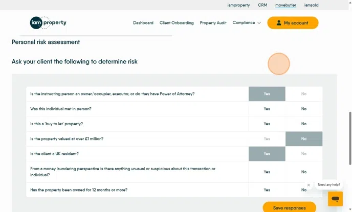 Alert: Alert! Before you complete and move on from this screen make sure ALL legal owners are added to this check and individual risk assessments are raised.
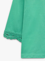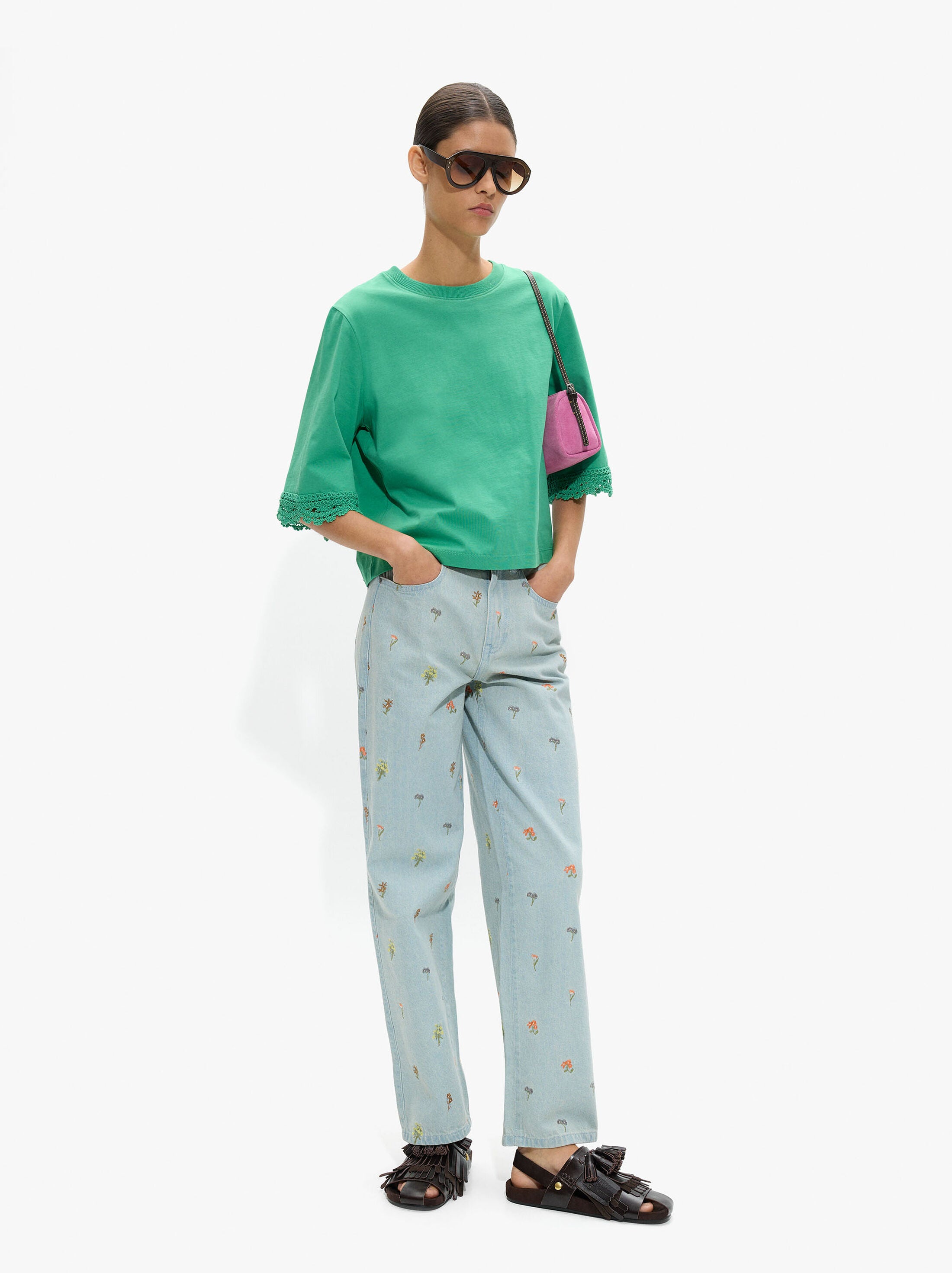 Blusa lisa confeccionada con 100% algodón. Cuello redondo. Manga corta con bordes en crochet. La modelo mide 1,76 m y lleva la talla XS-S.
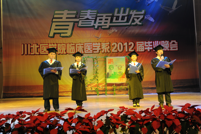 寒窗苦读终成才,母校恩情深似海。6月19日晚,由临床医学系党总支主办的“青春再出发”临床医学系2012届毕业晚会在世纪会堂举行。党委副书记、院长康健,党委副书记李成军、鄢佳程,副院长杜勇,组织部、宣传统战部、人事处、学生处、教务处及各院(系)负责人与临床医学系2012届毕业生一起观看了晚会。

---

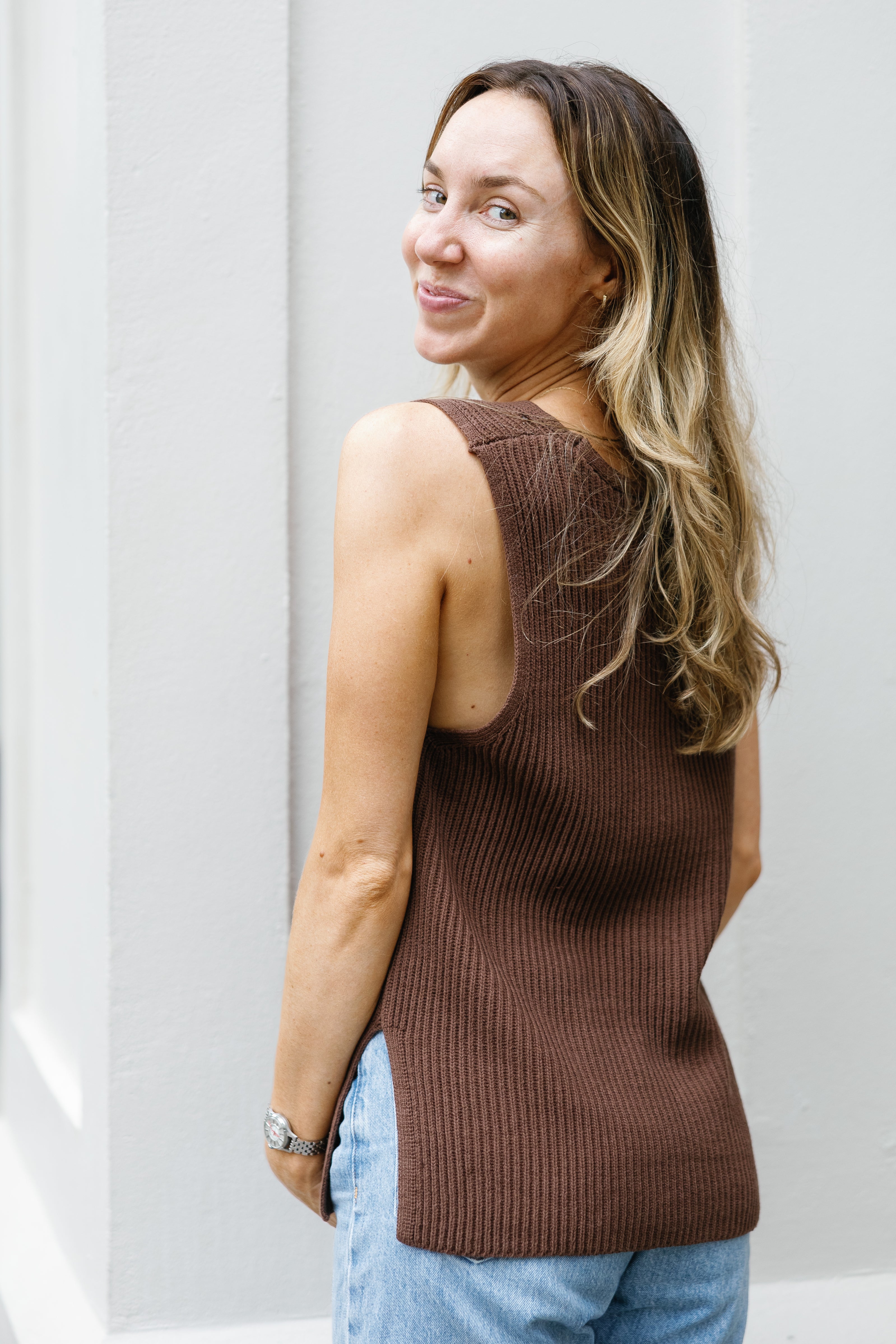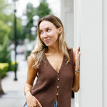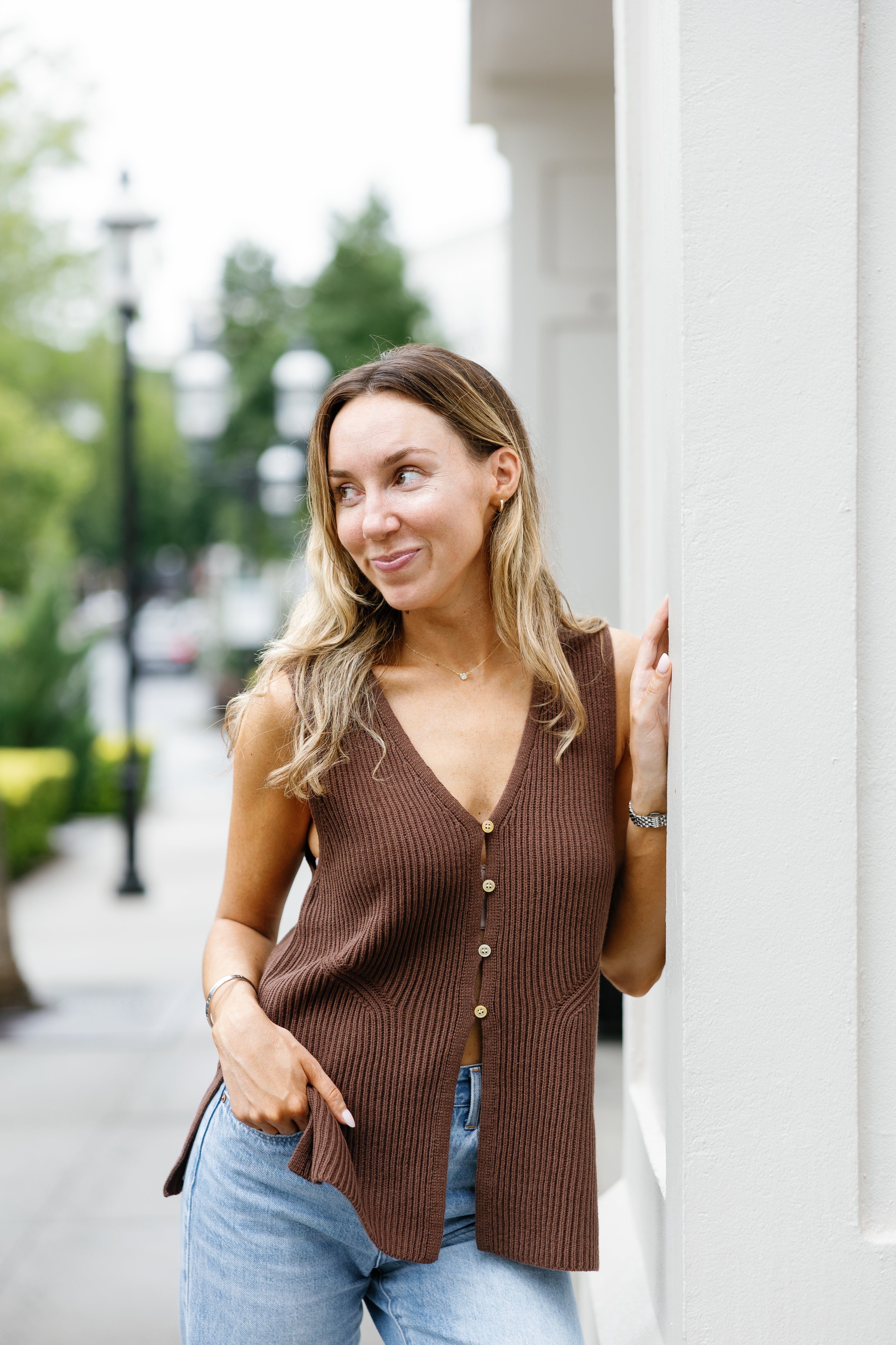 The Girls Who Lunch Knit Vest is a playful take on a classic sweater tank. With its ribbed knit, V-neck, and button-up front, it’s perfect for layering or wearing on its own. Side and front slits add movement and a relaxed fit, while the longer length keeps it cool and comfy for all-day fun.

Try it
Look above for the line with "Alert: Alert! Before" and copy exactly from it through the line with "寒窗苦读终成才,母校恩情深似", both included. Omit the pictures.

Your solution
 Alert: Alert! Before you complete and move on from this screen make sure ALL legal owners are added to this check and individual risk assessments are raised.
 Blusa lisa confeccionada con 100% algodón. Cuello redondo. Manga corta con bordes en crochet. La modelo mide 1,76 m y lleva la talla XS-S.
 寒窗苦读终成才,母校恩情深似海。6月19日晚,由临床医学系党总支主办的“青春再出发”临床医学系2012届毕业晚会在世纪会堂举行。党委副书记、院长康健,党委副书记李成军、鄢佳程,副院长杜勇,组织部、宣传统战部、人事处、学生处、教务处及各院(系)负责人与临床医学系2012届毕业生一起观看了晚会。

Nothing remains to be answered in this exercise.